# WORK REQUIRED
Copy out exactly the stretch below, from the line with "Chip led COB" through the line with "夏にぴったりな冷感生地のカー", both included; the pictures stay out.

# DATASET RECORDS
···

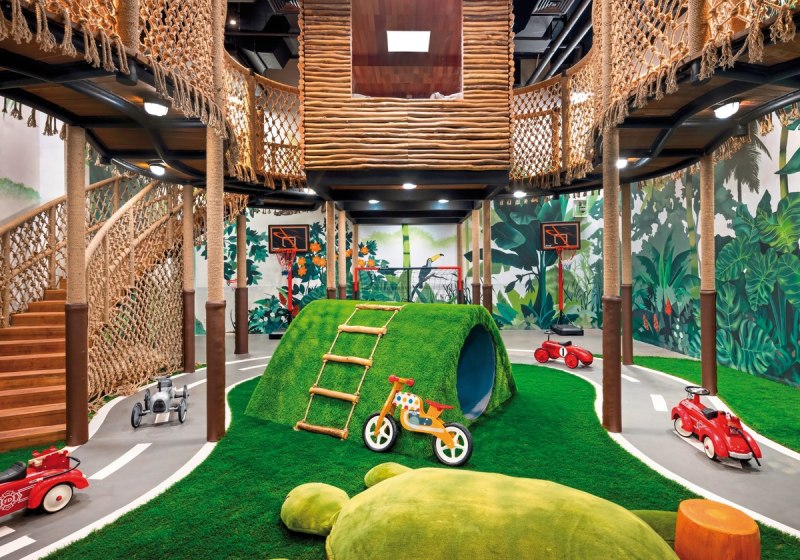 Die öffentlichen Bereiche sind weitläufig angelegt: Gartenflächen, Terrassen und ein grosser Außenpool mit Liegestühlen und Sonnenschirmen strukturieren die Anlage. Zusätzlich stehen Kinderpool, Spielplatz und Spielzimmer bereit. Rezeption, Concierge- und Einparkservice sowie Tour-Desk und Transferservices halten die Abläufe klar und planbar.
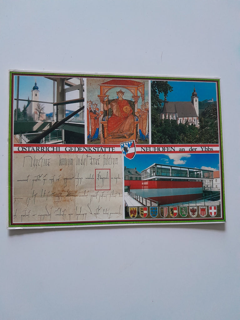AK Neuhofen an der Ybbs. Ostarrichi Gedenkstätte. Ungelaufen. Großformat. Verlag: Kellner. Nummeriert: 3364/6. Zustand: stärker bestoßen.
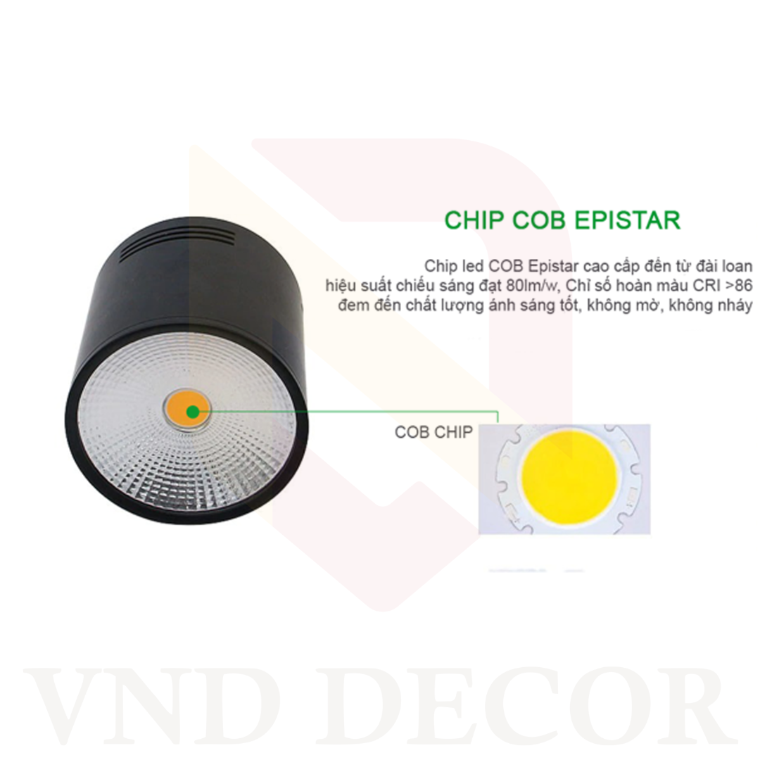 Chip led COB Epistar cao cấp đến từ đài loan hiệu suất chiếu sáng đạt 100lm/w, Chỉ số hoàn màu CRI >86 đem đến chất lượng ánh sáng tốt, không mờ, không nháy.
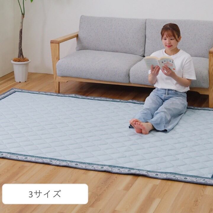 夏にぴったりな冷感生地のカーペットです。表地は強冷感生地でひんやりで、四方はエレガンスなジャガード生地使用しています。裏面には滑りにくい加工を施しています。
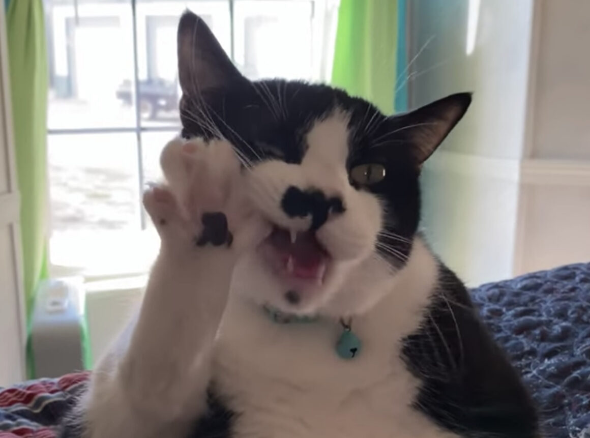 綺麗好きな猫さんは 起きている時間のほとんどを 毛づくろいに使うほど とっても自分の身を綺麗にします。 自分の舌が届く範囲で お腹を舐めたり、手足を舐めたり もちろん自分の足の指も!! こちらの猫さんも自分の足を 綺麗にしているところなのですが ...

···

# ANSWER SECTION
 Chip led COB Epistar cao cấp đến từ đài loan hiệu suất chiếu sáng đạt 100lm/w, Chỉ số hoàn màu CRI >86 đem đến chất lượng ánh sáng tốt, không mờ, không nháy.
 夏にぴったりな冷感生地のカーペットです。表地は強冷感生地でひんやりで、四方はエレガンスなジャガード生地使用しています。裏面には滑りにくい加工を施しています。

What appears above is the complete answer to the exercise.